Dental caries disease, also called tooth decay, refers to demineralization or weakening of the teeth, and the end result of caries disease is a caries lesion.
An advanced caries lesion can progress to a point where the tooth surface forms a cavitation or a hole, which is the physical evidence of tooth breakdown.
Let's start by building a model of a tooth and its surrounding structures.
In the mouth, the bone beneath the bottom row of teeth is the mandible, and the bone above the top row of teeth is the maxilla.
Both bones have an alveolus, or socket, for each tooth.
The socket is lined on the inside by a periodontal ligament.
Protecting the alveolus on the outside, is a layer of soft, supportive tissue called the gingiva, or gums, that sits on top of the bone and covers the root surface from the bone to the cementoenamel junction - where the cementum and enamel come together.
The tooth itself can be roughly divided into a few parts.
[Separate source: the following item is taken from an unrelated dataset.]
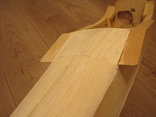 | 翼端に半月状のブロック材を接着。 最後の削り出し作業で翼端を整えていきます。 |
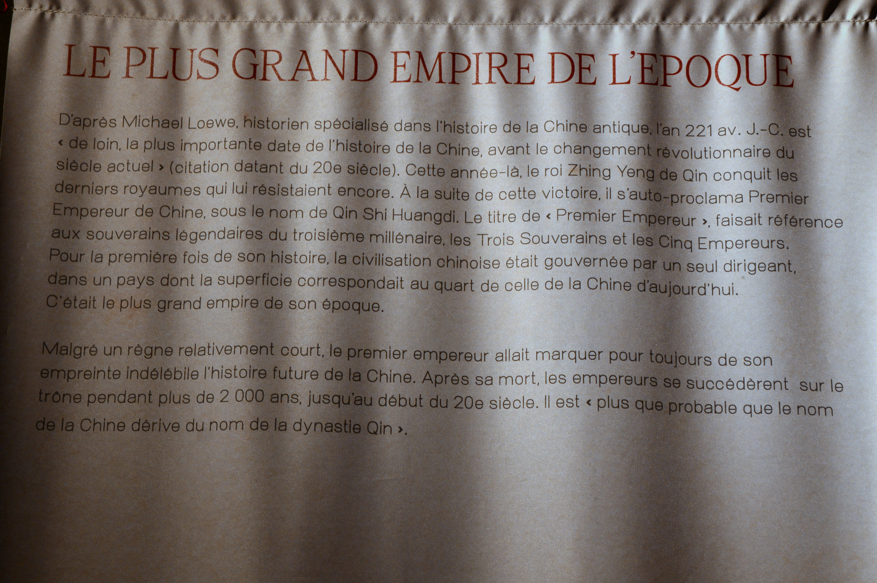 Venant des foules à Naples en 2017 et à Milan en 2019 avant d'atteindre la capitale belge, il est présenté comme « l'exposition la plus complète » jamais créée sur l'armée, la nécropole et la vie du Premier Empereur de Chine. Son nom, Qin Shihuangdi (259-210 av. J.-C.), signifie littéralement « premier empereur ». La dynastie n'a duré qu'environ 15 ans, de 221 à 206 av. J.-C., mais elle a grandement influencé les 2 000 prochaines années de l'histoire chinoise.

The first part is the root, and it sits within the alveolus.
The root is covered by cementum, which is a bonelike substance that the periodontal ligament’s fibers attach to.
Next, there’s the neck, which is the transition between the root portion covered by bone and the crown.
The crown is the visible part of the tooth that protrudes from the gingiva, and it’s covered in enamel, which has such a high mineral content that it’s the hardest substance in the human body.
When the teeth are developing, enamel is made before the tooth erupts into the mouth by a group of cells called the ameloblasts that die once the tooth erupts - meaning that the teeth lose the ability to make more enamel forever.